Lance chuckled and Trinity made a gagging sound.

Trinity was two years younger than Lance. She was short like me and had strawberry blonde hair she liked to keep in two shoulder-length braids. She had a cute, innocent look that always seemed to attract exactly the wrong sort of guy.

“If Lance calls you gorgeous,” Trinity said. “I’m going to barf on both of you as a deterrent.”

“Kenzie’s like a sister,” Lance said dismissively. “Besides, Travis already made it weird enough between us when he tried to get in Trinity’s pants. I think two brothers trying to hook up with their little sister’s best friend would just be redundant.”

My older brother, Travis, was probably the worst case of “wrong guy” she’d ever attracted. Thankfully, I’d squashed that one. For now. Being related to a player slash billionaire who could charm the teeth off a horse had always made it hard to have girlfriends. The sick bastard took it as a challenge to see if he could sleep with anybody I ever got friendly with.

Trinity and Lance started bantering about something, but I was a kid in a candy store. I barely heard them.

I did a little hopping dance of excitement as I walked. Lance and Trinity shared a roll of the eyes and a grin on my behalf.

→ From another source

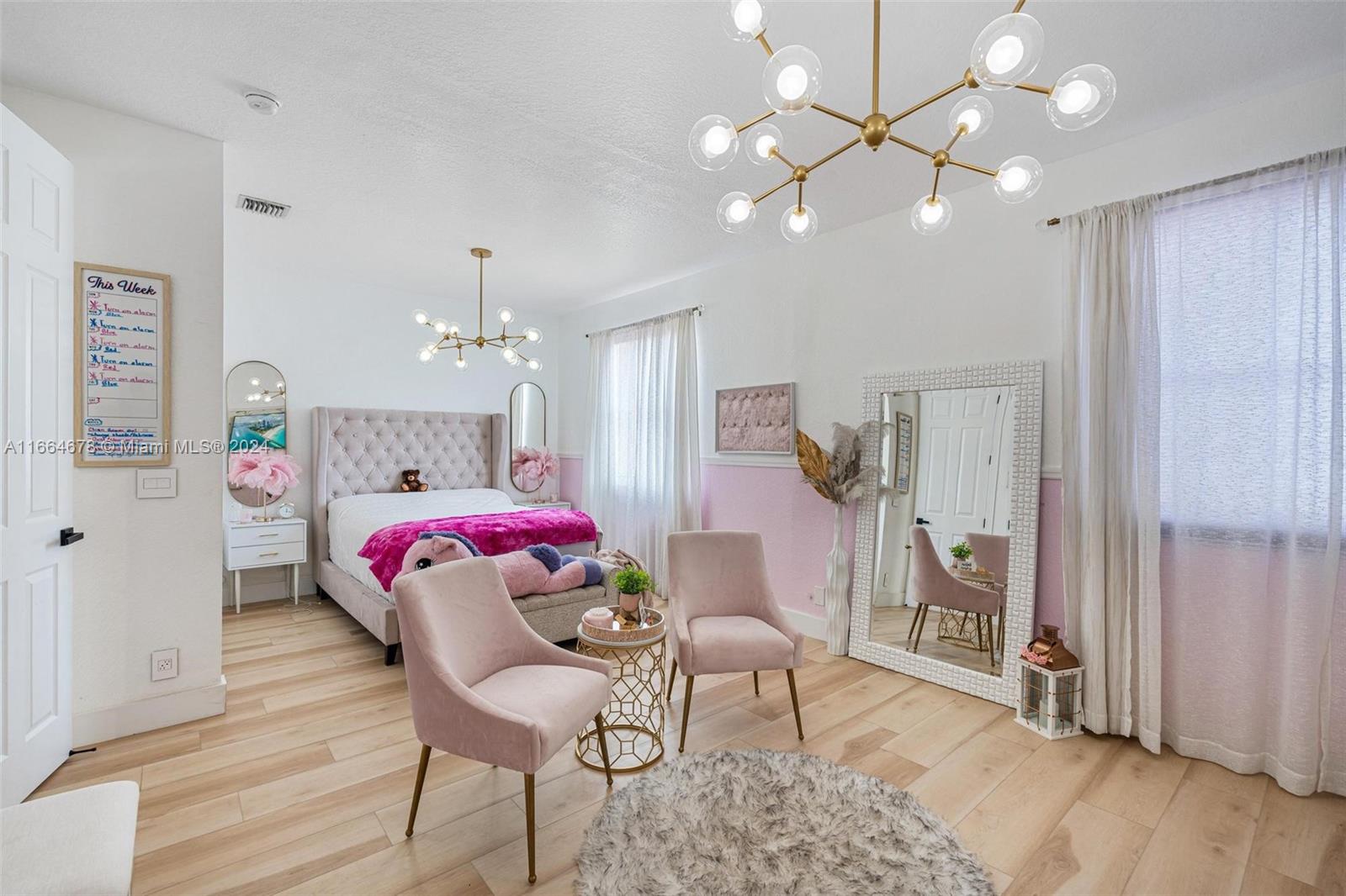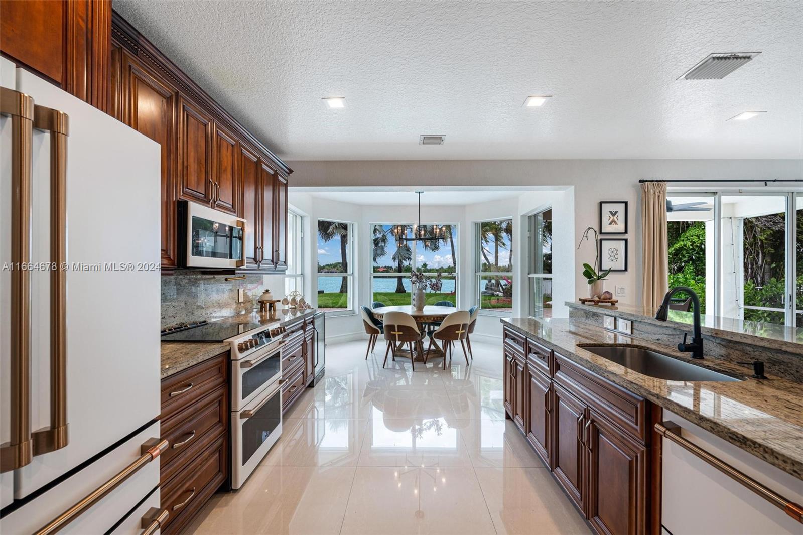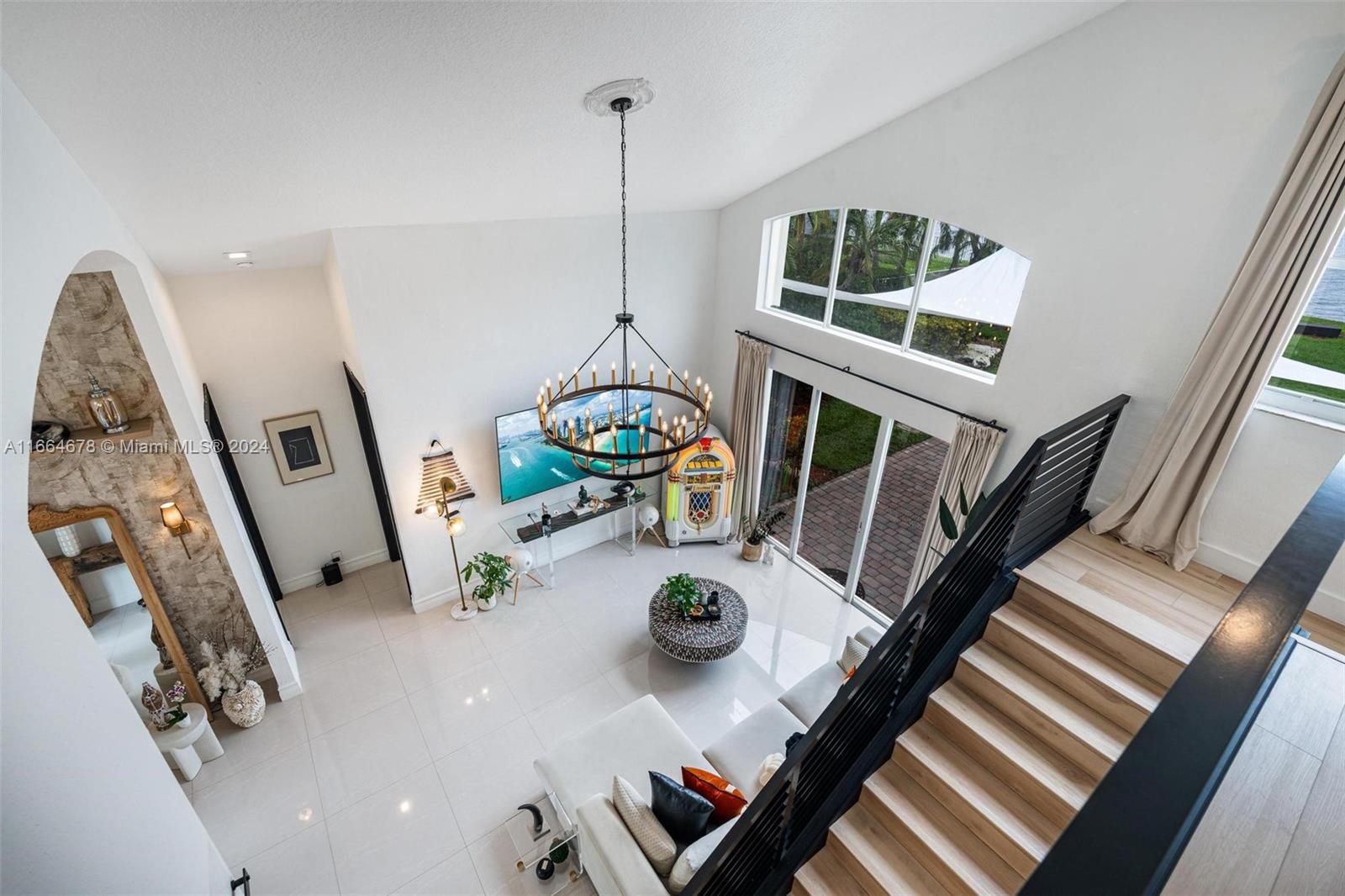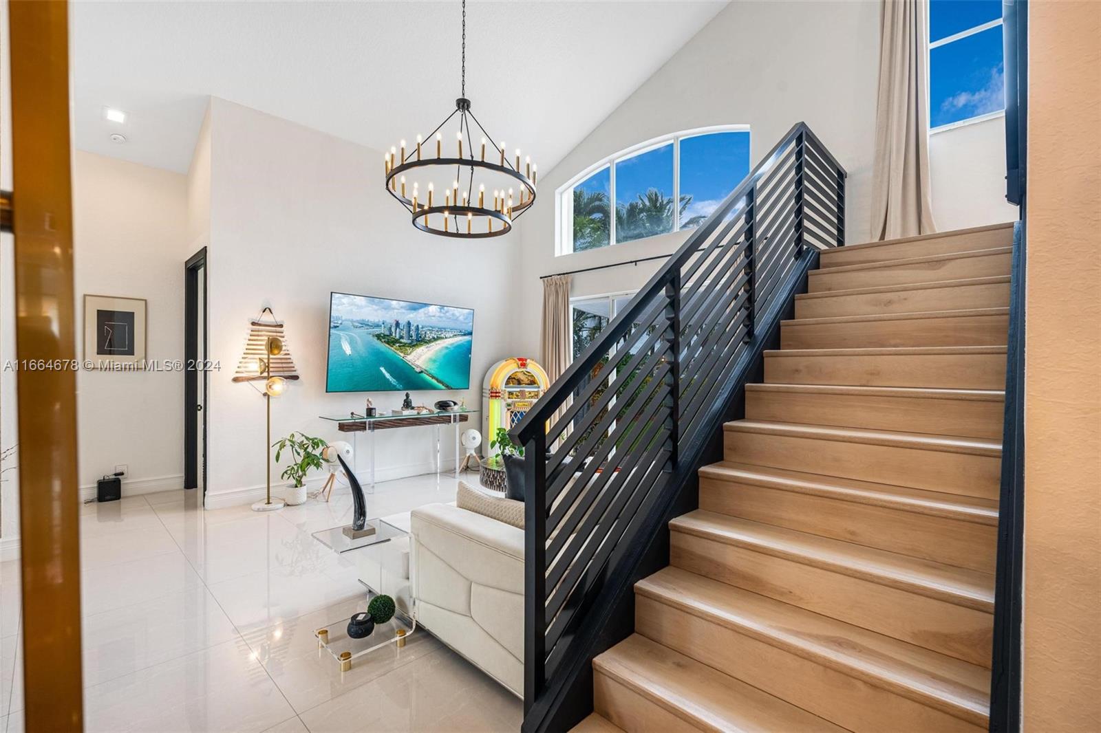 Beautifully renovated contemporary 5 bedroom, 3.5 bath home complete with a 2 car garage on a 12,000+ square foot lot in the coveted gated community of Encantada in West Pembroke Pines. Enjoy the modern look of large format porcelain tiles throughout the main living area. The kitchen is fully equipped with new Café appliances and a new induction cooktop (2024). New washer and dryer included! Single garage space is under air and converted to a 7 seat Dolby Atmos home cinema room. Freshly painted with new outlets, Lutron Smart light switches and new engineered wood flooring upstairs. Live worry free with a new roof from 2023! The outdoor space is an entertainer's dream with a beautiful pool and covered terrace. Home is on a peaceful lake with unobstructed views for the ultimate zen retreat.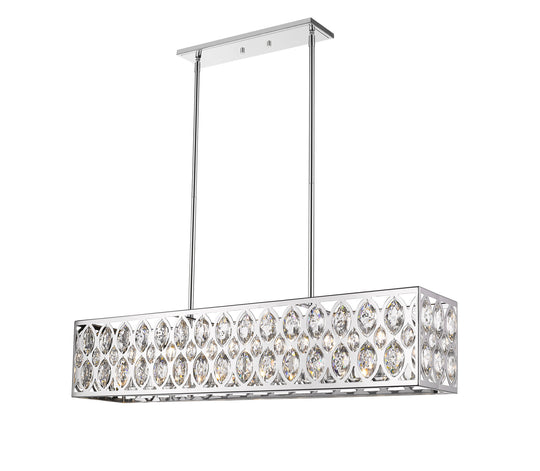Add style to a modern, chic kitchen or dining room with this crystal hanging ceiling light. The shade features cut out geometric shapes in a bright chrome finish.Regular price $990.00 -

Lance was a former baseball player who had a serious chance of playing his way up from the minor leagues until he blew out his shoulder. He still looked the part, even down to the blue eyed, all-American look he had.

Trinity, like me, was allergic to exercise and probably couldn’t throw a baseball through an open barn door. Her biggest dream was to get an internship in a French kitchen to jumpstart her goal of opening her own pastry shop. Neither of them really cared at all about an author’s conference, but they were good enough friends to tag along without complaint for my sake.

“I still can’t believe you bought us tickets to this thing without telling us,” Lance said.

“Well,” I said. “I wasn’t going to come alone.”

“At least tell me these tickets weren’t too expensive,” Trinity said.

“We’re here, aren’t we?” I asked, raising my eyebrows. They both knew my financial situation. Grim would’ve been an understatement. I was basically the starving artist type, except minus the artist part, because I still hadn’t even finished writing a proper book. It was all made worse because my big brother made a monthly plea to “just give me a few mil to take the edge off.” The guy seriously thought handing someone a couple million dollars was as casual as offering an aspirin from his medicine cabinet.

Stubbornly, I always refused his help. I had a dream, damn it. Someday, I wanted to look back from my castle mansion and say I’d built it all with nothing but words. I didn’t want to have to mutter under my breath about how my brother kinda sorta financed the shit out of me and gave me a leg up on all the competition.

We were fast-walking—mostly because I was too excited to walk at normal speed—toward the room where Sebastian St. James was going to be speaking. I sort of managed not to shove my way past any poor old ladies trying to shuffle to the same room.

“You know,” Trinity said. “The only way to keep my sanity and be your friend is learning when I shouldn’t ask more questions. But I have a feeling you really went overboard this time. You were just telling me last week how you had to bat your eyelashes at some guy to bum his subway card. You can’t afford to take the subway, but you can afford three tickets to this?”

“What?” I asked, already growing breathless. “I got a really good deal.” Liar, liar.

Lance was keeping pace with my small, churning legs easily, but Trinity was huffing and puffing to maintain my speed. I didn’t care if I got there sweaty and panting; I was going to get a seat in the front row.